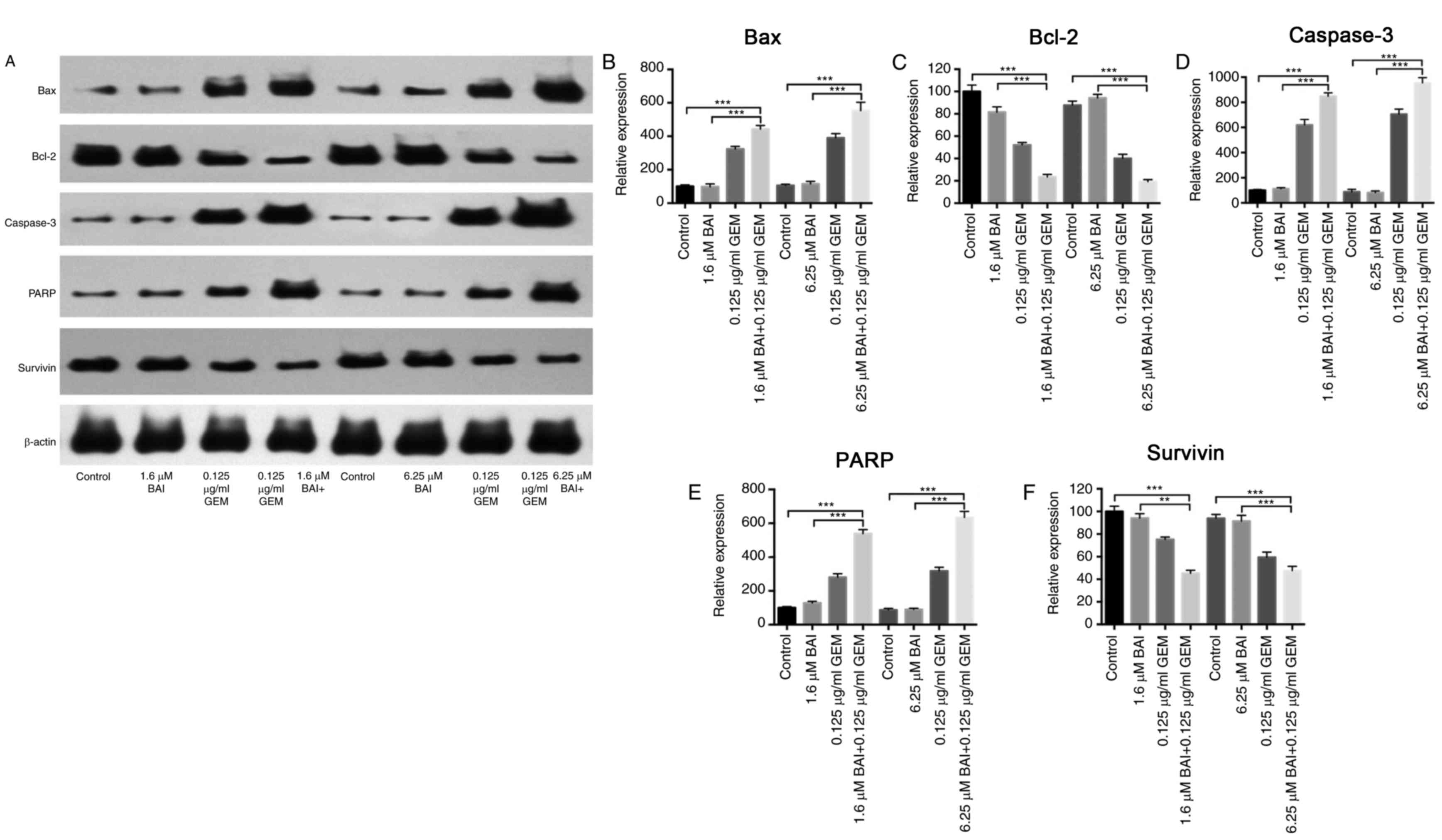 To conclude, in the present study, BAI was revealed to inhibit the proliferation of pancreatic cancer cells due to the induction of apoptosis in vitro and in vivo. Furthermore, evidence was provided that the efficacy of BAI was significantly improved when administered in combination with GEM. Therefore, the present study may provide an alternative strategy for the treatment of pancreatic cancer.
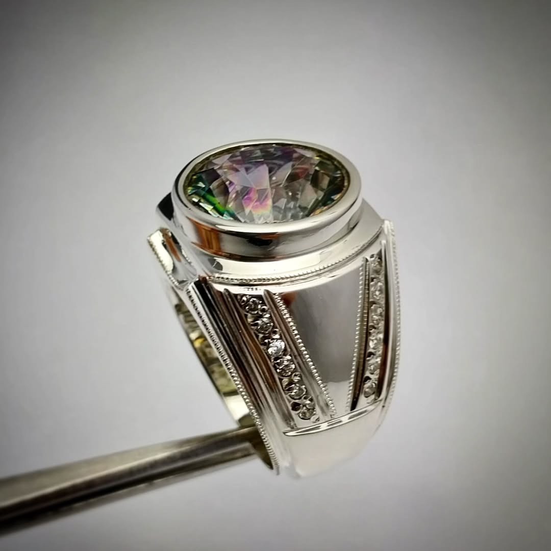 как выглядит Natural Mystic Topaz Ring 925 Sterling Silver Men
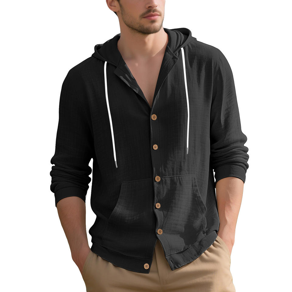 Cárdigan con Capucha de Manga Larga para Hombre, Estilo Europeo, Color Sólido, Algodón y Lino, Casual, Transpirable, con Botones y Dobladillo Redondo
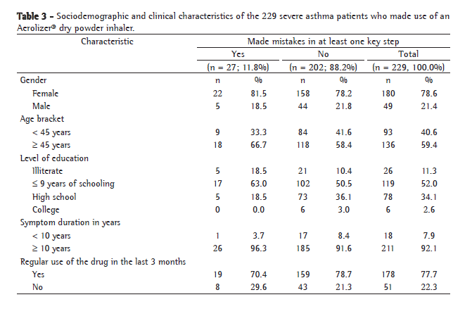Correct performance of the key steps involved in using the devices was one of the factors affecting asthma symptom control. These steps are related to placing the capsule in the correct position, piercing it for the subsequent drug release, and inhaling quickly and deeply. Inhaling quickly and deeply is crucial for fully delivering the drug to the lung, and, in the present study, this key step was the one with the highest proportion of errors. This might have contributed to the lack of asthma control among those who did not take a quick and deep inhalation correctly, which corroborates the findings of another group of authors,(18) who reported that slow inhalation is one of the reasons for partial distribution of the drug in the lung. There were no significant differences regarding clinical or sociodemographic characteristics between the subgroups of patients who made use of an Aerolizer® DPI alone. However, we observed that the patients with severe asthma who made mistakes in key steps had a lower level of education and were over 45 years of age. Similar results were reported in another study, in which the error rate in using DPIs was found to be higher among patients who were older and had a low level of education.(17)
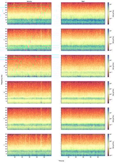 Comparison of the spectrograms between activity (left) and rest (right) datasets (considering the average for all 36 subjects).
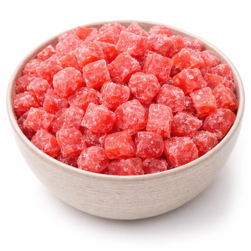 Delicious Natural Strawberry Cubes made from real strawberries, gently dried to lock in their bright color and sweet-tart flavor. These soft, chewy cubes offer a refreshing fruity taste in every bite. Perfect for healthy snacking, baking, desserts, cereals, and trail mixes. No artificial colors or flavors—just pure strawberry goodness.
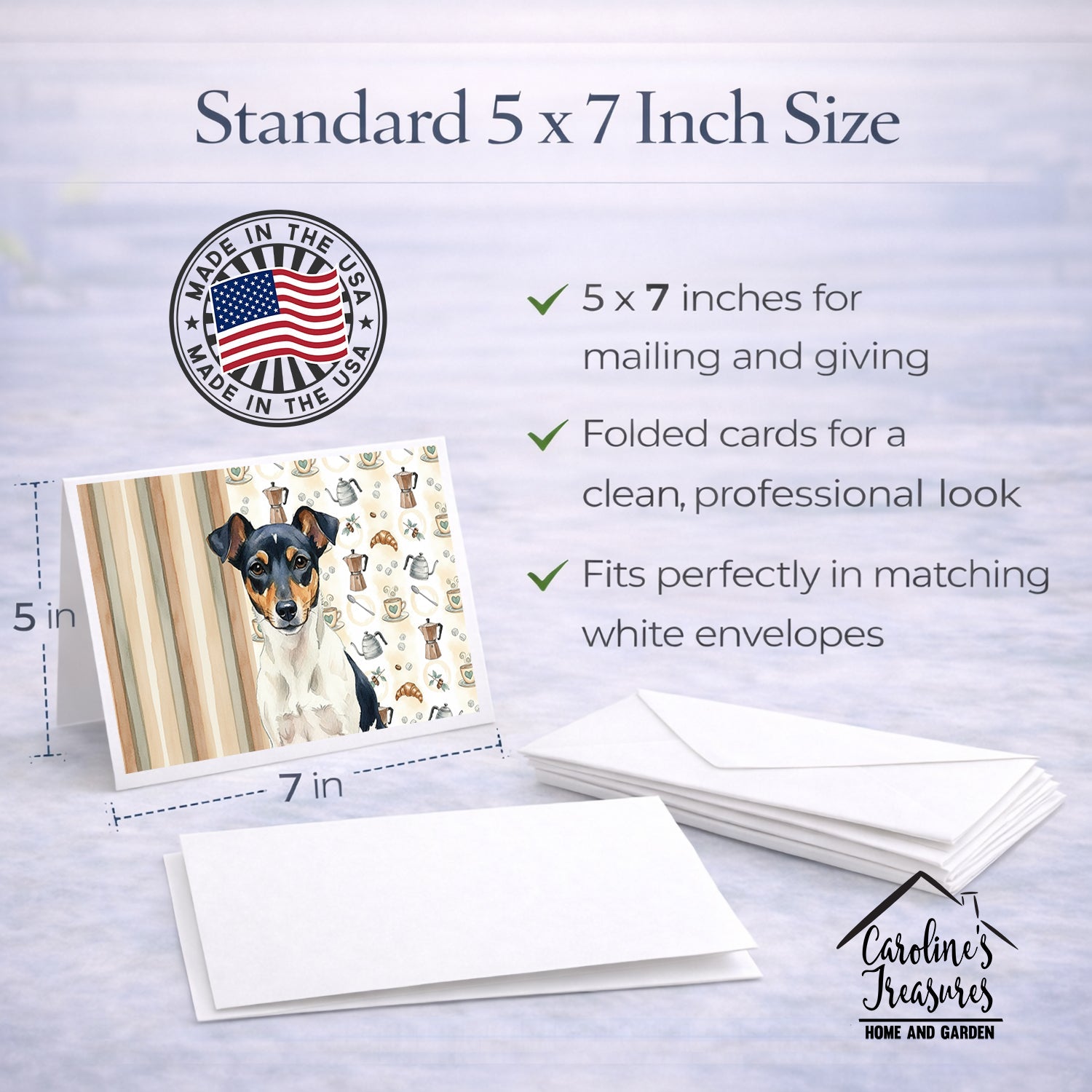 Shown here is the Tricolor Rat Terrier Coffee Bar Greeting Cards Pack of 8 from Caroline's Treasures featuring artwork of a Rat Terrier in a Everyday design. The detailed illustration and vibrant colors make it a standout accent that celebrates both seasonal style and love for the subject. This image features a cozy watercolor coffee-themed pattern with illustrated mugs, moka pots, kettles, croissants, coffee beans, and sugar cubes arranged in a repeating design. Soft neutral tones with warm browns, creams, and subtle sage accents create an inviting, café-inspired look that feels comforting and relaxed. Everyday décor celebrates personal style and the small moments that make a house feel like home. Thoughtful designs add warmth and personality that can be enjoyed year-round. Celebrate special moments with Caroline's Treasures Printed Greeting Card Pack. This pack includes eight beautifully folded 5x7 cards, accompanied by eight matching white envelopes. With blank interiors, these cards provide ample space for your personalized messages and heartfelt holiday greetings. Each card features captivating full-color artwork, meticulously printed in our facility on high-quality 80 lb cover stock or 216 GSM. The super smooth finish of the white cards enhances the visual impact of the artwork, creating a truly stunning presentation. Designed by our talented in-house artists or licensed artists, the artwork on these cards showcases their creativity and attention to detail. From vibrant illustrations to captivating designs, each card tells its own unique story. Whether it's for birthdays, anniversaries, holidays, or any special occasion, Caroline's Treasures Greeting Card Pack is the perfect way to convey your heartfelt sentiments. Share joy, love, and warm wishes with these exquisite cards and make every moment unforgettable. Perfect for: Writing personal messages, everyday correspondence, and thoughtful notes, Dogs-themed stationery collections, or year-round use for Rat Terrier lovers. Rat Terriers are energetic dogs known for their intelligence and adaptability. This versatile breed is admired for its loyalty, alertness, and strong companionship. Makes a heartfelt gift for: Rat Terrier owners, Dogs lovers, Everyday gifts, pet parents, friends who adore their Rat Terrier, or anyone celebrating Dogs.

(HOW TO COMPLETE THIS TASK): Give back, unaltered, each line of the listing from the first to the line that contains "Cárdigan con Capucha", leaving every picture out.

(TASK RESULT):
 To conclude, in the present study, BAI was revealed to inhibit the proliferation of pancreatic cancer cells due to the induction of apoptosis in vitro and in vivo. Furthermore, evidence was provided that the efficacy of BAI was significantly improved when administered in combination with GEM. Therefore, the present study may provide an alternative strategy for the treatment of pancreatic cancer.
 как выглядит Natural Mystic Topaz Ring 925 Sterling Silver Men
 Cárdigan con Capucha de Manga Larga para Hombre, Estilo Europeo, Color Sólido, Algodón y Lino, Casual, Transpirable, con Botones y Dobladillo Redondo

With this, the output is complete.